In the material below, the lines between the one holding "トレースをしながらPCとスマ" and the one holding "为顺应消费转型时代、积极响应", inclusive, are to be set down word for word. Pictures stay out.
-------- Information shown
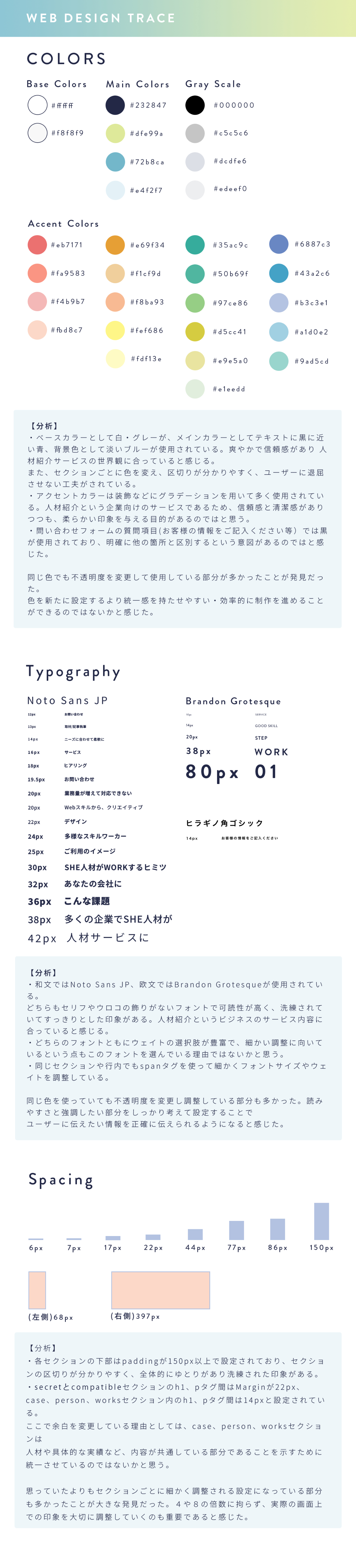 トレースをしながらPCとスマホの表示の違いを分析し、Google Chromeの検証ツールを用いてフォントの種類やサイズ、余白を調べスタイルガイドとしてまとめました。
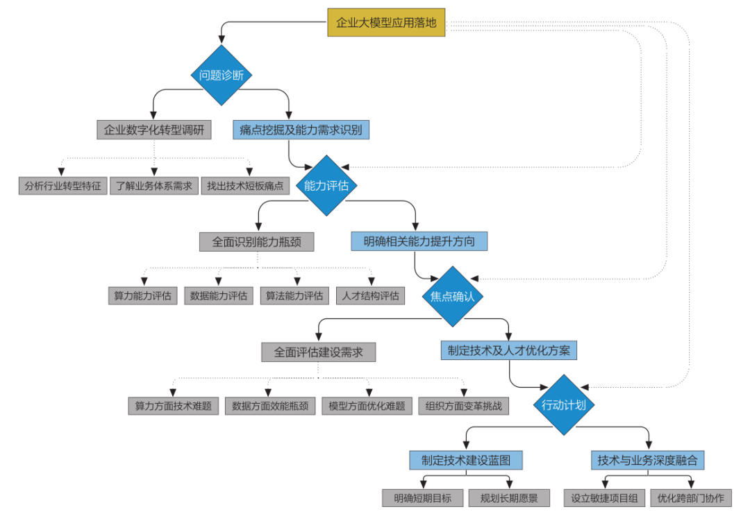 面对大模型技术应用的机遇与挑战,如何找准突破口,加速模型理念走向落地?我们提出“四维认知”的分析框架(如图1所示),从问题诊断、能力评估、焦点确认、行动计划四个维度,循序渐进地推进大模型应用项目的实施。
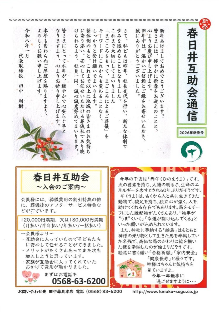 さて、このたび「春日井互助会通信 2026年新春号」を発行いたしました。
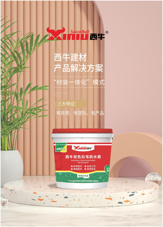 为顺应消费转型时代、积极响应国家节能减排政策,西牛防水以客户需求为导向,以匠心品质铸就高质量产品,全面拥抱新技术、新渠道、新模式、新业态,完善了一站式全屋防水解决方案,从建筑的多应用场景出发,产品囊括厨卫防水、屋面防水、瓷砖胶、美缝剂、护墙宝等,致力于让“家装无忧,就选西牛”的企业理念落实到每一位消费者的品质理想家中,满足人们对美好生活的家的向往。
----------------
-------- Information shown
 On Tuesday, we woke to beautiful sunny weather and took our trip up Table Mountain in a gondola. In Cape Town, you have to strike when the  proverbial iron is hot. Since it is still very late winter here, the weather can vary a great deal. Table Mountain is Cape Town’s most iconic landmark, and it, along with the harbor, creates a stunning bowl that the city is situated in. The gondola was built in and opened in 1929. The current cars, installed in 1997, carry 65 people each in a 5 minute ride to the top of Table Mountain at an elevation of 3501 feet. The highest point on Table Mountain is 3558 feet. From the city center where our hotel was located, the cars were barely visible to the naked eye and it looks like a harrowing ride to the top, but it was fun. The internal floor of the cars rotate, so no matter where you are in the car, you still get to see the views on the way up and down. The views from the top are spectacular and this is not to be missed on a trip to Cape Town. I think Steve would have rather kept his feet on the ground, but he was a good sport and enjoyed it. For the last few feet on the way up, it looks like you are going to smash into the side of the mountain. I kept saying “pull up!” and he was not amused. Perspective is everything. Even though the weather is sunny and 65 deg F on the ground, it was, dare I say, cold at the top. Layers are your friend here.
----------------
Output
 トレースをしながらPCとスマホの表示の違いを分析し、Google Chromeの検証ツールを用いてフォントの種類やサイズ、余白を調べスタイルガイドとしてまとめました。
 面对大模型技术应用的机遇与挑战,如何找准突破口,加速模型理念走向落地?我们提出“四维认知”的分析框架(如图1所示),从问题诊断、能力评估、焦点确认、行动计划四个维度,循序渐进地推进大模型应用项目的实施。
 さて、このたび「春日井互助会通信 2026年新春号」を発行いたしました。
 为顺应消费转型时代、积极响应国家节能减排政策,西牛防水以客户需求为导向,以匠心品质铸就高质量产品,全面拥抱新技术、新渠道、新模式、新业态,完善了一站式全屋防水解决方案,从建筑的多应用场景出发,产品囊括厨卫防水、屋面防水、瓷砖胶、美缝剂、护墙宝等,致力于让“家装无忧,就选西牛”的企业理念落实到每一位消费者的品质理想家中,满足人们对美好生活的家的向往。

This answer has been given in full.